## Given records
────────────────

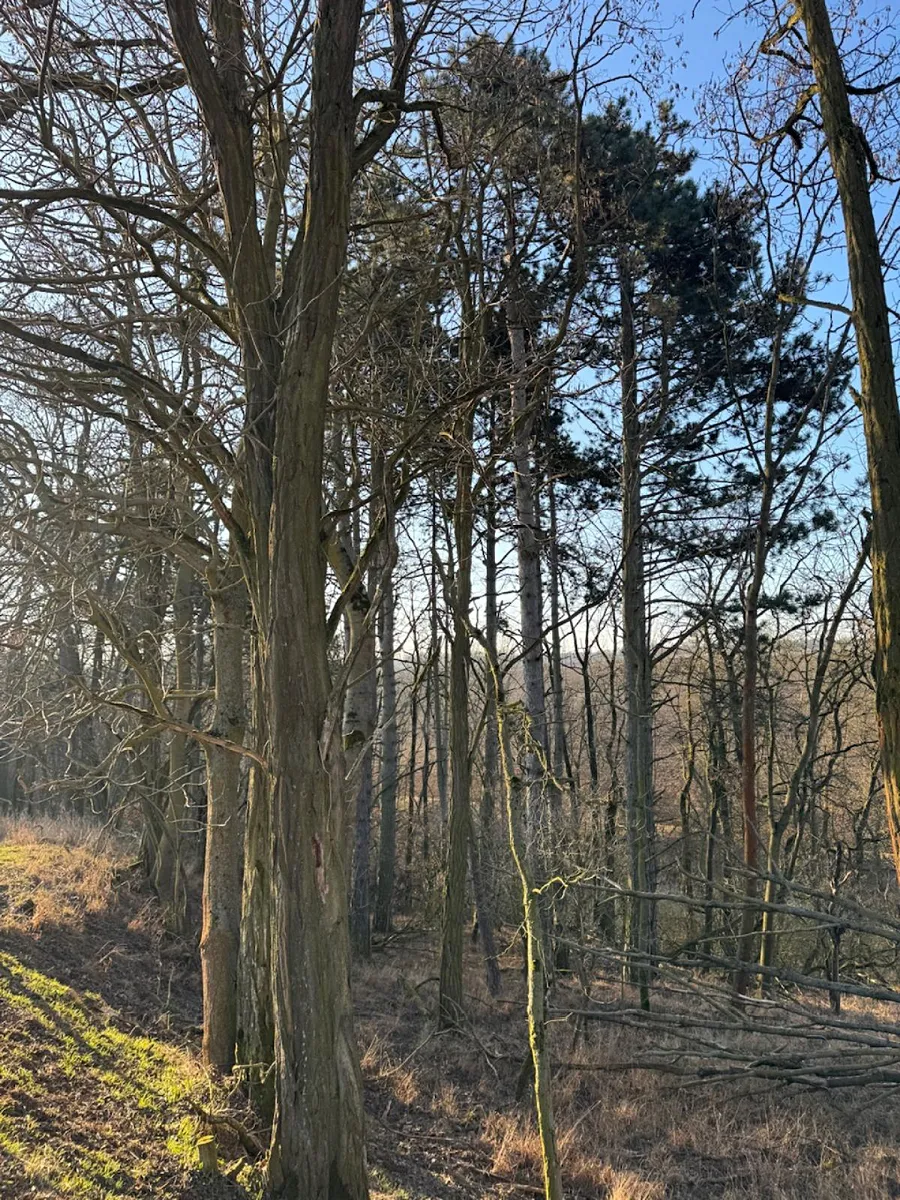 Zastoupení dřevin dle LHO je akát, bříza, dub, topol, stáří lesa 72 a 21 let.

────────────────

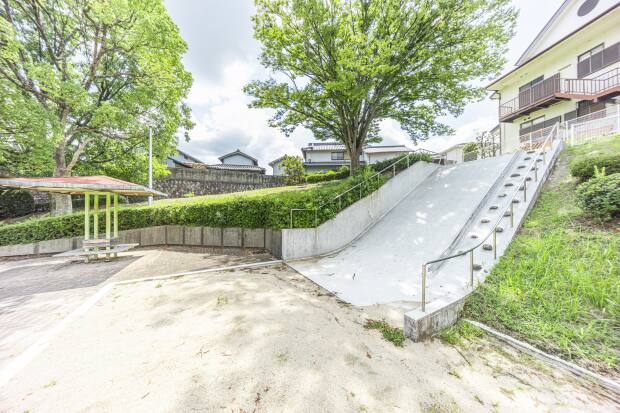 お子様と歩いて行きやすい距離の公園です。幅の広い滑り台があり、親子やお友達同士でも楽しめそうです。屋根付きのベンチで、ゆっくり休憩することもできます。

────────────────

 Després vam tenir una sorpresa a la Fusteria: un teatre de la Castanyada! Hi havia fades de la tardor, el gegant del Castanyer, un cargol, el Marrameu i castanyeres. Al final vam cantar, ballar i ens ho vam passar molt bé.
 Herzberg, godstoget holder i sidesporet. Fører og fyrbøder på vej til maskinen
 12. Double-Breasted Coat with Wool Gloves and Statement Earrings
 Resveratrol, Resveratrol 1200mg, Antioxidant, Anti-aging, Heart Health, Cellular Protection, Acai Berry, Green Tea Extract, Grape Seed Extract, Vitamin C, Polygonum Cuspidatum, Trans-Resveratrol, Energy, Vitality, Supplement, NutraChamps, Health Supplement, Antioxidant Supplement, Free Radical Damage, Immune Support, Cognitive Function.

────────────────

Your task for the entries above: copy exactly the span starting with the line with "Després vam tenir" and going on through the line with "12. Double-Breasted Coat", both lines included, and nothing else.

## Your response
 Després vam tenir una sorpresa a la Fusteria: un teatre de la Castanyada! Hi havia fades de la tardor, el gegant del Castanyer, un cargol, el Marrameu i castanyeres. Al final vam cantar, ballar i ens ho vam passar molt bé.
 Herzberg, godstoget holder i sidesporet. Fører og fyrbøder på vej til maskinen
 12. Double-Breasted Coat with Wool Gloves and Statement Earrings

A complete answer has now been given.